The pattern and magnitude of deforestation that occurred from 1972 to 2000 in the south central Rift Valley of Ethiopia were analyzed using remote sensing change detection techniques. The results show that natural forest cover declined from 16% in 1972 to 2.8% in 2000. The total natural forest cleared between 1972 and 2000 amounted to 40,324 ha, corresponding to an annual loss of 1440 ha. The total loss was 82% of the 1972 forest cover and the annual loss was equivalent to 0.9% of the national figure. The forest decline in the area involved proximate causal factors as well as causal factors that are more spatially diffuse and are part of the long-term evolution of a region much larger than the study area. In order of importance, the major causes of change were small-scale agriculture, commercial logging, and commercial farms. Two major modes of change were observed: 1) internal, ie openings created by small farm plots, grazing lands, and villages; and 2) external, ie expansion of agriculture from the exterior into the forests. The main consequences of deforestation were habitat destruction and decline of water availability.
Introduction
Tropical deforestation has become a global concern, with an annual total forest loss of 9.4 million ha (FAO 2000a).
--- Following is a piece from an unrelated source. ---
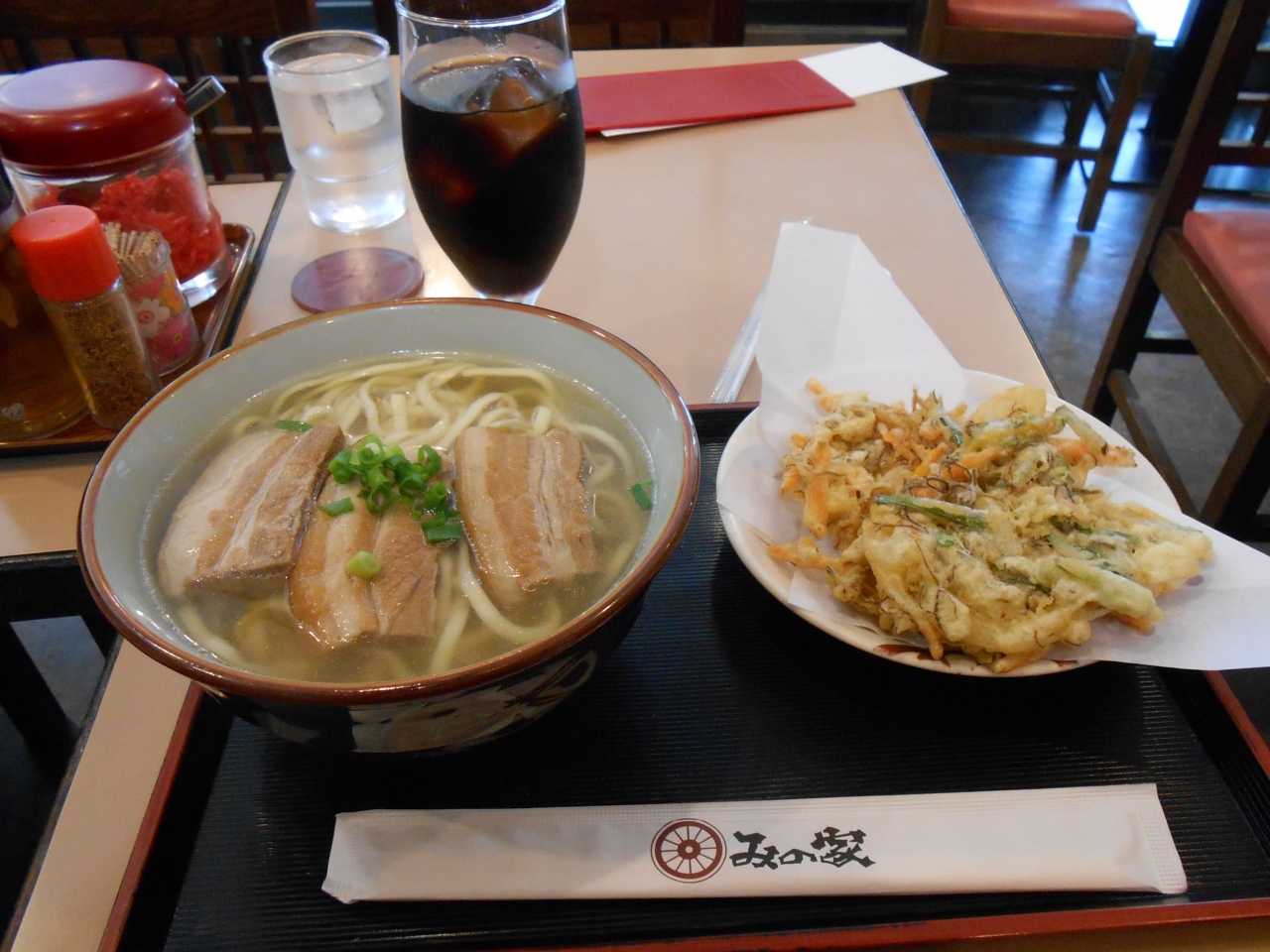 *沖縄そばを堪能し、揚げたてもずく天ぷらも絶品。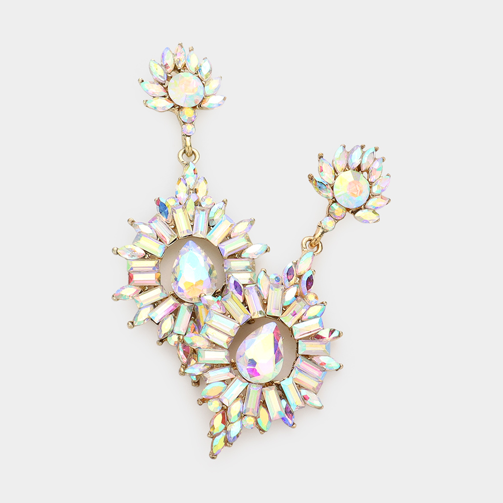 Rectangle Marquise Teardrop Stone Cluster Dangle Evening Earrings

The total forested area of Ethiopia has decreased substantially during the past half-century or so. Recent figures show that the country's forest cover has shrunk to less than 3–3.6% (Reusing 1998; WBISPP 2004). Forest loss in northern Ethiopia probably goes back many hundreds of years (Melaku 1992), with the main remaining forest now confined almost entirely to the southern part of the country (Logan 1946; Friis 1986; Friis 1992).
In the 1970s, one of the major areas with remnant high forests was the south central Rift Valley of Ethiopia, including Shashemene, Wondo Genet, and parts of Sidama (Chaffey 1979). Today only pockets of high forest remain. The Shashemene forest was one of the most commercially valuable forests in the country (Russ 1944; Logan 1946; Mooney 1954; Breitenbach 1962). The Wondo Genet forests support high biodiversity and provide important watershed services (Mooney 1954; Makin et al 1975), although both aspects are now threatened. About a century ago, early travelers (Neumann 1902; Maud 1904) reported seeing dense canopy and continuous forest covering these sites. In the past half century, the south central Rift Valley of Ethiopia has evolved as one of the core regions in the country, in terms of economy, population, urbanization, and road transport. This has caused rapid forest decline.
In Ethiopia there is a shortage of accurate information regarding the rate of deforestation and the extent of earlier forest cover. The available local level land cover and land use change studies (Kebrom and Hedlund 2000; Gete and Hurni 2001; Belay 2002;Woldeamlak 2002) are all from the northern part of the country. The objective of the present study is to detect, document, and interpret the magnitude, trend, and spatial patterns of forest cover change in the south central Rift Valley of Ethiopia between 1972 and 2000. The main research questions were: What was the rate of natural forest cover change between 1972 and 2000? What are the trends in fragmentation? What are the major causes and consequences of change?
Material and methods
The study area
The study area (Figure 1), which comprises 3060 km2, lies at 6°45′ N to 7°15′ N latitude and 38°15′ E to 38°45′ E longitude. It is located 280 km south of Addis Ababa, and forms part of the south central Rift Valley of Ethiopia. The area has a highly dissected topography draining into 4 different watersheds. The altitude varies between 1675 and 2900 m. The climate is transitional, between a well-defined bimodal pattern to the south and a single rainy season to the north. The eastern half gets annual rainfall reaching 1200 mm, whereas the rainfall on the western side subsides to around 900 mm at Lake Awassa. Within the area, the mean annual temperature varies between 17°C and 19°C.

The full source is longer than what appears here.